%%

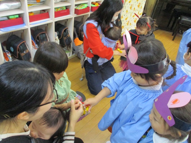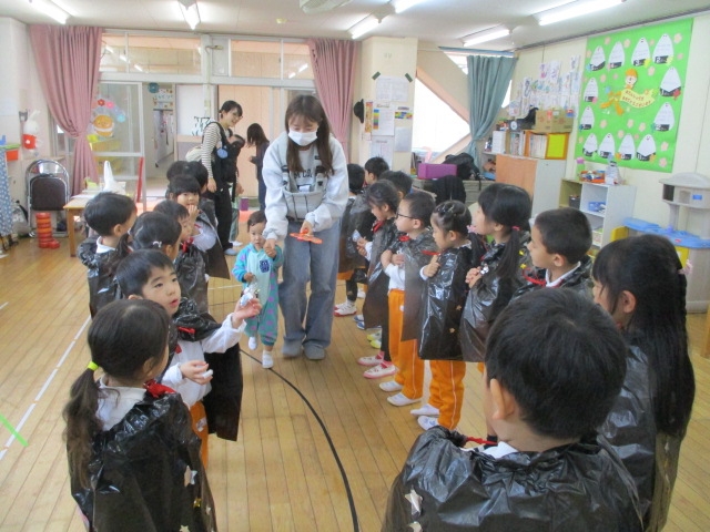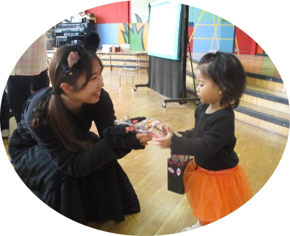 仮装した未就園児のお友だちも仮装してきてくれて、在園の子どもたちも各クラスで仮装し、お菓子を配りふれあいました。
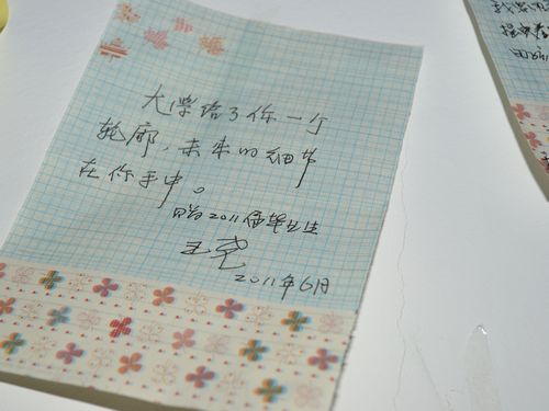 送爱心,送关心,也送祝福。毕业生们每人写一张没有收信人的祝福便笺,然后贴在白色的墙壁上,在毕业典礼上,把许愿墙置于入口,让进入的毕业生随机拿一张便笺,收获同学对自己的祝福。是的,为离别道一声珍重,为相聚留下期许。
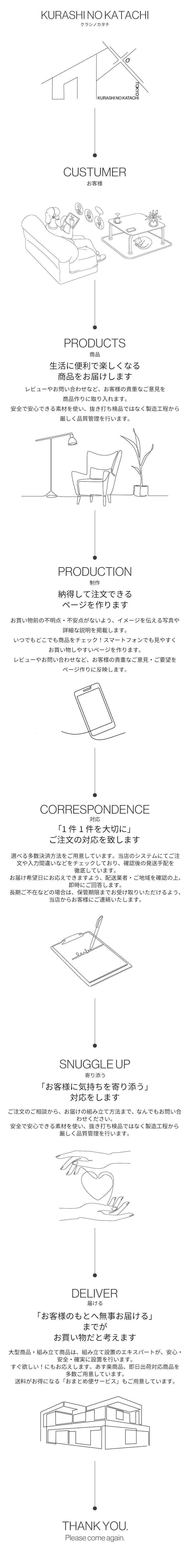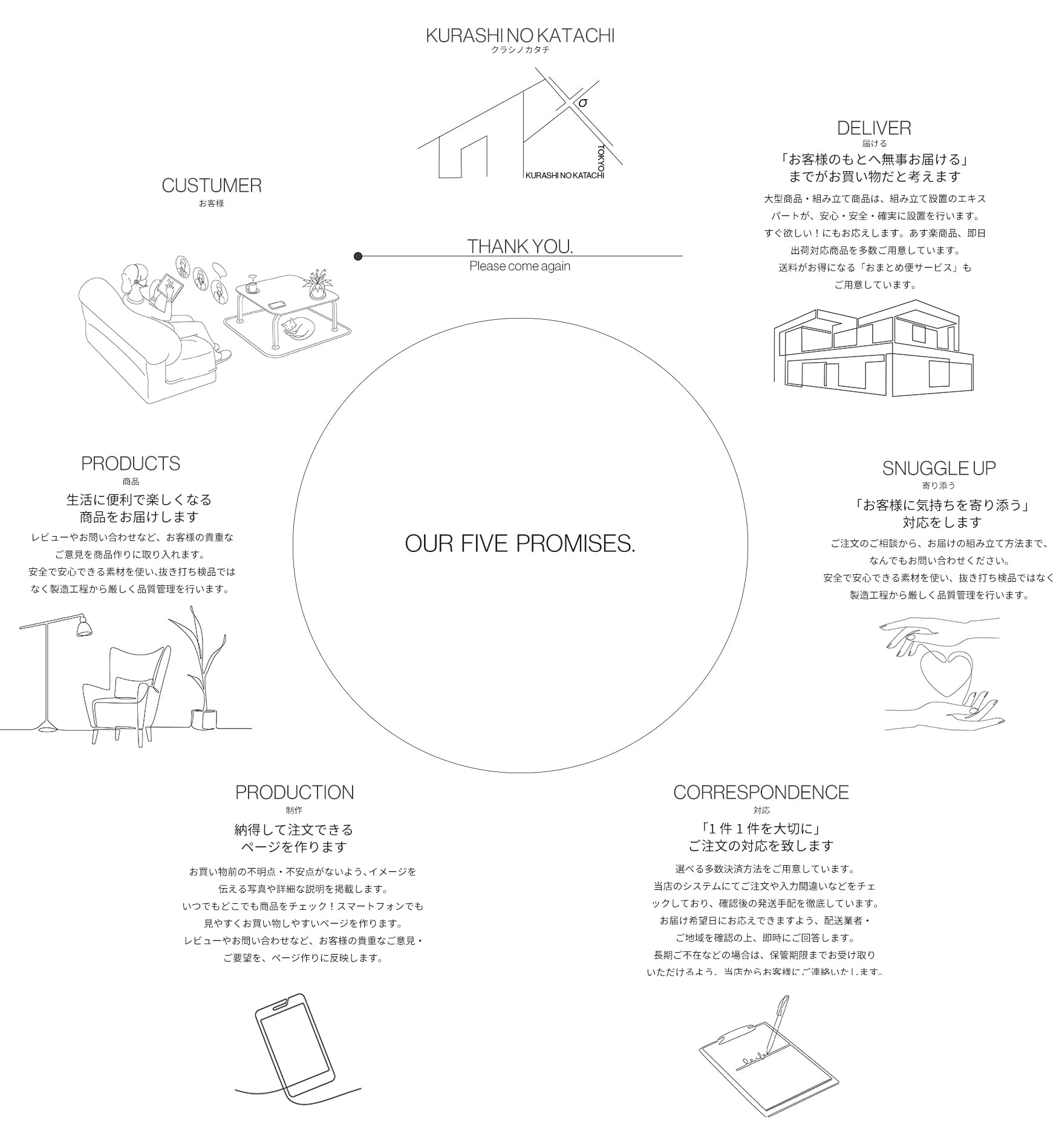「お客様への5つのお約束」を掲げて、ご購入者様に満足していただける新しい商品やサービスを常に探求し、ご提供していきます。
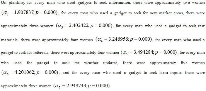 From Table 8, those with a primary education were less likely to use the information generated from the information gadgets in planting, marketing, sourcing raw materials, referrals, checking for weather updates, and sourcing inputs than those with a secondary education. Given the signs and the probabilities on the agricultural activities, except the probability on cultivation, those who had left at primary school level were less likely to use information gadgets to seek for information than those from secondary schools. Conversely, those with post-secondary school qualifications were more likely to use information gadgets to seek for information than those in secondary schools.
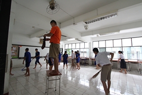 News วันที่ 10 กรกฎาคม 2557 ถือเป็นวันดีๆ ที่ครูและนักเรียนจะได้ร่วมมือร่วมใจทำความสะอาดห้องเรียนครั้งใหญ่ ดังนั้นฝ่ายบริหารบุคคลจึงกำหนดให้นักเรียนทุกห้องเรียนทำความสะอาดห้องเรียน และอุปกรณ์ที่อยู่ภายในห้องเรียนนั้นๆ ได้แก่ โต๊ะ ม้านั่ง ฝาผนัง พัดลม โดยกำหนดให้คา่บเรียนที่ 7-8 เป็นเวลาลงมือทำกิจกรรม Big Cleaning Day ซึ่งก็ได้รับความร่วมมือร่วมใจ สามัคคีกันทำกิจกรรมนี้กันทุกคน ทุกห้อง ... สะอาดเอี่ยมอ่องกันไปทุกตึกเรียนเลยทีเดียว
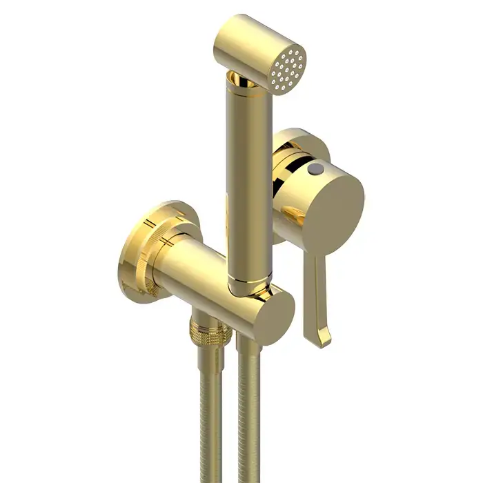 THG HAMPTONS Гигиенический душ с однорычажным смесителем, держателем с подводом воды и шлангом 1500 мм., внешняя часть, цвет золото
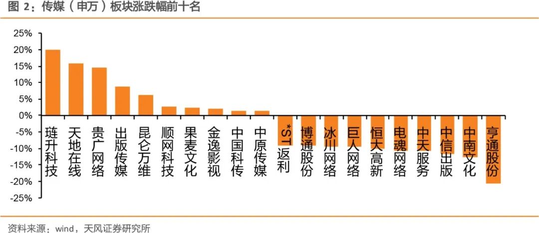 从个股看,琏升科技(20.06%)/天地在线(15.9%)/贵广网络(14.51%)/出版传媒(8.67%)/昆仑万维(6.16%) 领 涨 。亨通股份(-20.76%)/ 中南文化(-12.69%)/ 中信出版/(-11.71%)/中天服 务(-10.76%)/电魂网络 (-10.6%)领跌。
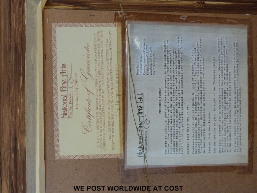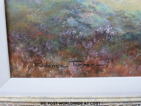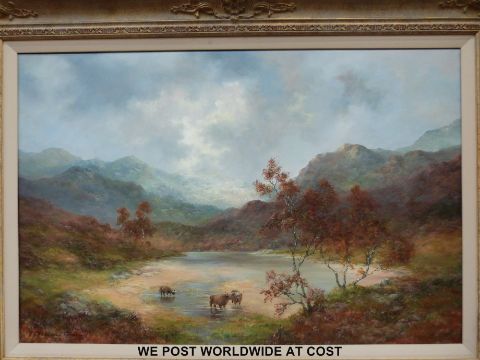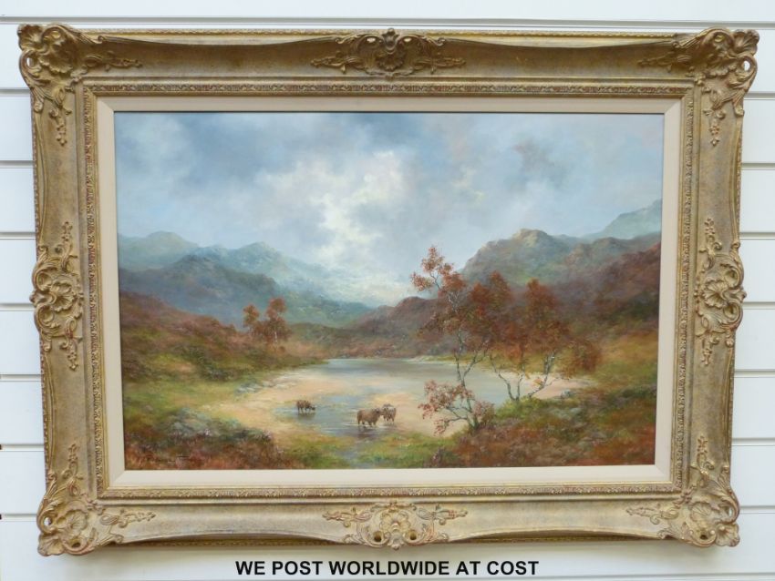 Prudence Turner (b1930) Oil on canvas cattle watering in a highland river valley (49 x 74cm)
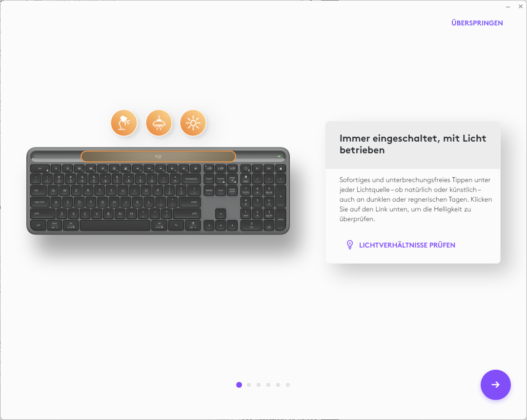 In addition to the keyboard itself, the package includes a brief user manual. The packaging is minimalistic and consists largely of recycled material, which is in line with Logitech's commitment to sustainability. The solar technology is particularly noteworthy: The keyboard has an integrated solar cell that can be charged by both natural and artificial light (at least 200 lux). This means that an external power source is usually unnecessary, further reducing the environmental impact. According to the manufacturer, just one hour of sunlight is enough to power the keyboard for several weeks.
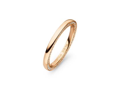 Ring aus 750/- Roségold poliert, gewölbt, innen poliert, mit 50 Brillanten zusammen 0,250 ct FW vsi, seitlich gefasst
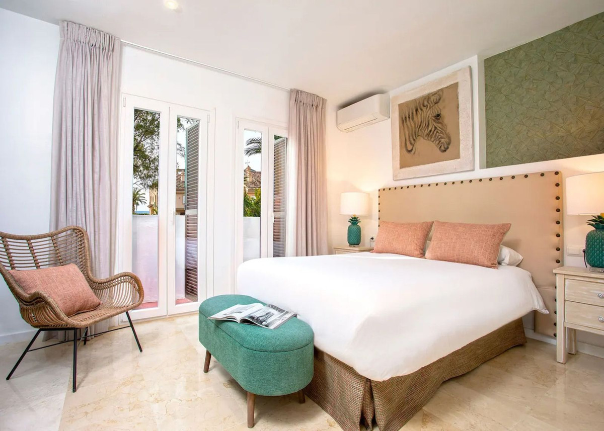 À quelques pas de la mer, cette maison de ville magnifiquement rénovée est située dans le quartier très prisé de Laguna Beach à Estepona.
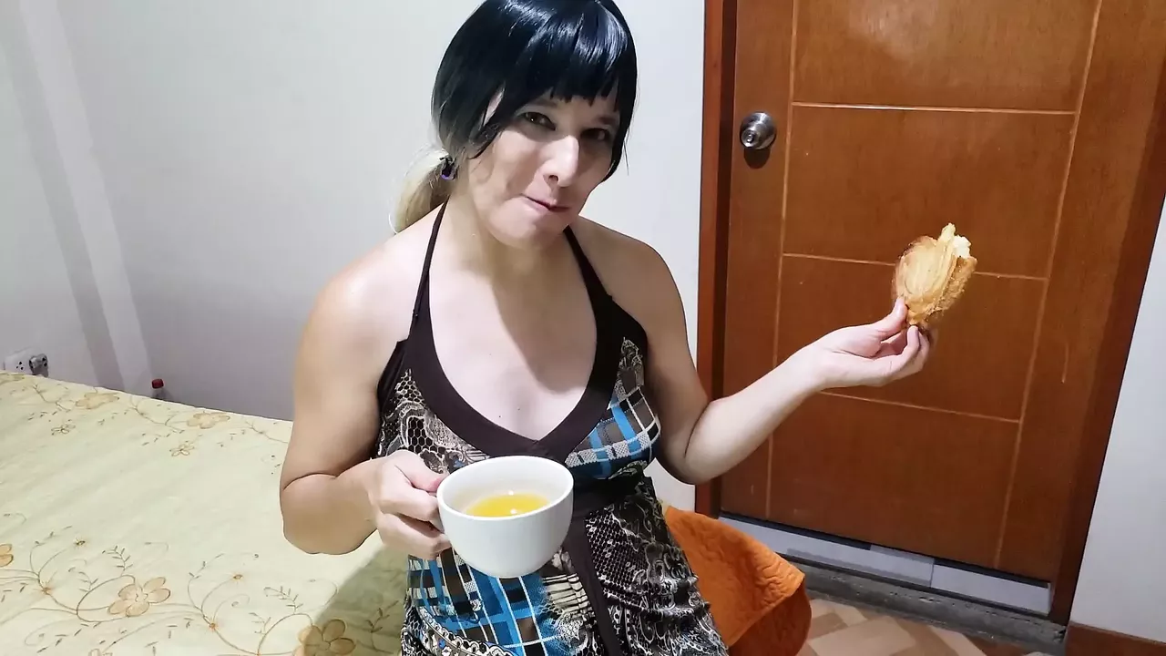 Sexy Girl Drinks Pee In A Cup While Eating A Cookie

%%

### PROMPT
Please repeat, exactly as written, only the lines from the line with "中信出版/(-11.71%)/中天服 务(-10.76%)/电魂网络 (-10.6%)领跌。" to the end of the data, leaving out every picture.

### OUTPUT FOR THIS TASK
 从个股看,琏升科技(20.06%)/天地在线(15.9%)/贵广网络(14.51%)/出版传媒(8.67%)/昆仑万维(6.16%) 领 涨 。亨通股份(-20.76%)/ 中南文化(-12.69%)/ 中信出版/(-11.71%)/中天服 务(-10.76%)/电魂网络 (-10.6%)领跌。
 Prudence Turner (b1930) Oil on canvas cattle watering in a highland river valley (49 x 74cm)
 In addition to the keyboard itself, the package includes a brief user manual. The packaging is minimalistic and consists largely of recycled material, which is in line with Logitech's commitment to sustainability. The solar technology is particularly noteworthy: The keyboard has an integrated solar cell that can be charged by both natural and artificial light (at least 200 lux). This means that an external power source is usually unnecessary, further reducing the environmental impact. According to the manufacturer, just one hour of sunlight is enough to power the keyboard for several weeks.
 Ring aus 750/- Roségold poliert, gewölbt, innen poliert, mit 50 Brillanten zusammen 0,250 ct FW vsi, seitlich gefasst
 À quelques pas de la mer, cette maison de ville magnifiquement rénovée est située dans le quartier très prisé de Laguna Beach à Estepona.
 Sexy Girl Drinks Pee In A Cup While Eating A Cookie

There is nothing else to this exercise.